Несколько раз он брался за телефон, чтобы позвонить матери, которою намеривался забыть, но ее кровь, текшая в его теле, оказалась сильнее всего остального, он не смог забыть свою мать и готов был плакать лишь от того, что оставил ее, – но всякий раз опускал телефонную трубку на рычаг. Звонить матери было нельзя.

И Коряге не звонил. Пока, во всяком случае. Надо было выждать какое-то время, хотя куда-куда, а на квартиру около Политехнического ему надо было позвонить – слишком уж хорошее гнездо для отсидки! А оно могло понадобиться.

Часа в три ночи, когда стихали почти все звуки и успокаивалась огромная, не прощающая человеку его слабостей Москва, он засыпал. Спал недолго, примерно до половины восьмого, а потом вскакивал, будто сдернутый с дивана за воротник, в туалете умывался, чистил зубы и в восемь часов уже ставил на примус чайник.

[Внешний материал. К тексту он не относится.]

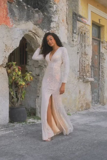 Облегающее платье с длинными рукавами и пайетками, V-образным вырезом и разрезом на юбке.

Примус он тщательно прятал от строгого редакционного пожарного – одного на весь корпус, готового раствориться в огромных пространствах, но очень въедливого, способного, словно дух, появляться внезапно, буквально из ничего, с пронзительным криком: «А это не положено!» Всякий работающий примус издает пронзительное шипенье, слышимое далеко, при случае даже может взорваться, поэтому Пургин подумывал заменить его на беззвучную керосинку, но ему все не могла попасться керосинка подходящего размера, в магазинах стояли огромные дурынды, похожие на паровозные котлы, а маленьких аккуратных машинок не было, да потом Пургин не очень-то ходил по магазинам – иногда чувствовал, как железный ветер обжимает ему лицо жесткой пятерней, заставляет слезиться взгляд – предметы в этом ветре двоятся, троятся, ничего не видно, а Пургину нужна особая зоркость…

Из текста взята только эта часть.